Dienstag, 26. April 2011 - 13:19 Uhr
Bislang ist die „Initiative Borussia“ vor allem damit aufgefallen, dass sie sich in der Öffentlichkeit mit einer „Hau-Drauf-Methode“ ins Gespräch bringen wollte. Das ist fraglos gelungen, denn die von den Medien dankbar weitergetragenen Angriffe (»Kaninchenzüchterclub«) sorgten für die gewünschte Aufmerksamkeit.
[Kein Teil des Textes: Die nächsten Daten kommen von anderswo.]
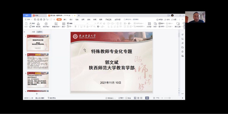 11月10日下午,特殊教育学院开启了新一轮的学术讲座系列活动。本周邀请了三位国内相关领域资深专家分别面向特殊教育系、小学教育系、手语翻译系师生开展了线上讲座,讲座分别由陈琳、赵文超、韩梅三位系主任主持。

Die brauchte es wohl, denn die eigentlichen Reformansätze bleiben eher plakativ als konstruktiv und hätten sicher eine solche öffentliche Beachtung nicht gefunden.
Untermalt von der sportlichen Entwicklung und der spärlichen, jedoch nicht wirklich glücklichen Öffentlichkeitsarbeit von Präsident Rolf Königs (»Das Stadion ist der Star«), kristallisierten sich durchaus Fürsprecher der „Initiative“ heraus, selbst wenn viele Anhänger und Mitglieder die Vorgehensweise von Norbert Kox & Co. nicht gutheißen mochten.
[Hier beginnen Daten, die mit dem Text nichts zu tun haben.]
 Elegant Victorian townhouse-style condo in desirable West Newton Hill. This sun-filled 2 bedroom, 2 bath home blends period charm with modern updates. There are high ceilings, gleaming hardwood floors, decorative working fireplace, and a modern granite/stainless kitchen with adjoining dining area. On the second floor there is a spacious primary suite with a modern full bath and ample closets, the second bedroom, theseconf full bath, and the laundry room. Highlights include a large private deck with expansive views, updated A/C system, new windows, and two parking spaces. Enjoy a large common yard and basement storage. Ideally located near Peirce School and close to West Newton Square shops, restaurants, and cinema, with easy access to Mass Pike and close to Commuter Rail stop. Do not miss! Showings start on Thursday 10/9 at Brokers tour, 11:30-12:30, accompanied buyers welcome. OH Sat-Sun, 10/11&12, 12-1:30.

Am heutigen Dienstag nun spielte die „Initiative“ ihren letzten großen Trumpf aus und präsentierte mit Stefan Effenberg das neue Gesicht der Reformbewegung. »Wir wollen Stefan Effenberg nicht nur als Sportdirektor verpflichten, sondern auch als Vorsitzenden der Geschäftsführung - das ist das Bremer Modell, wie mit Klaus Allofs«, wird Norbert Kox zitiert. »Wir wollen sportliche Kompetenz in diesen Verein bringen«.
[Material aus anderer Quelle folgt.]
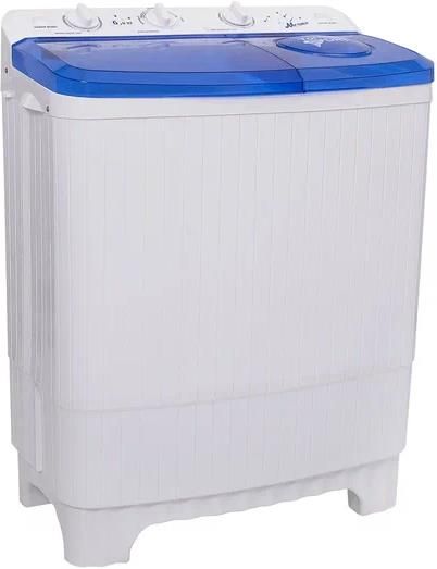 Габариты прибора — 68х40х85см. Стиральная машина полуавтоматическая двухбаковая. Загрузка для стирки — до 6кг, для отжима — до 5кг. Экономия воды. Быстрый цикл стирки. Низкое энергопотребление. Простота в эксплуатации, Мобильность. Низкий уровень шума. Две программы стирки: Бережная (для деликатных тканей) и Обычная (для стандартной стирки). Прозрачные крышки для полного контроля за процессом. Система TornadoDry (при работе центрифуги создается воздушный поток, который вместе с отжимом осуществляет предварительную сушку). Сливной насос (помпа). Реверс (активатор вращается попеременно в обоих направлениях). Возможность стирать и отжимать одновременно. Фильтр для сбора ворса и пуха. Большой активатор сложной формы с перфорацией для насыщения воды пузырьками для лучшего проникновения моющего раствора в ткань. Большая вместимость при скромных внешних габаритах. Быстрый отжим — 1350об/мин. Вес: 13,85кг. Мощность моторов (стирка/отжим) 300Вт/180Вт

Und dafür soll nun Stefan Effenberg stehen. »Es schreien alle nach sportlicher Kompetenz. Dazu stehe ich mit voller Überzeugung zur Verfügung«, unterstrich der „Tiger“ bei seiner offiziellen Vorstellung.
Dass Stefan Effenberg an Bord ist, überrascht angesichts der Äußerungen des Ex-Nationalspielers in der Vergangenheit nicht wirklich. In seiner Eigenschaft als „Experte“ beim Fernsehsender sky kritisierte er die aktuelle Vereinsführung mehrfach deutlich und hielt sich immer die Hintertür offen, in irgendeiner Funktion tätig zu werden, wenn man ihn denn fragen würde.
Fraglos ist der „Initiative“ damit ein Coup gelungen, denn Stefan Effenberg polarisiert und genießt in der Fangemeinde immer noch einen hohen Stellenwert. Die „sportliche Kompetenz“ scheint in diesem Falle naturgegeben und selbst manch mega-peinliche Episode während Effenbergs Karriere nach der Karriere ändert nichts an seiner vermeintlichen Qualifikation.
Wie dem auch sei: Spätestens mit dem Erscheinen von Stefan Effenberg auf der Bühne wird die „Initiative“ zur echten Gefahr für Königs & Co. Sollte das „Wunder Klassenerhalt“ nicht geschafft werden, verbleiben den momentanen Verantwortlichen nicht wirklich viele Argumente um die Mitglieder zu überzeugen, dass ihr Kurs der richtige ist. Dass die Reformvorhaben der Initiative nicht der Weisheit letzter Schluss sind und sogar auf Sicht eine echte Gefahr für Borussia Mönchengladbach darstellen könnten, wird durch den neuen Frontmann Stefan Effenberg noch weiter in den Hintergrund rücken.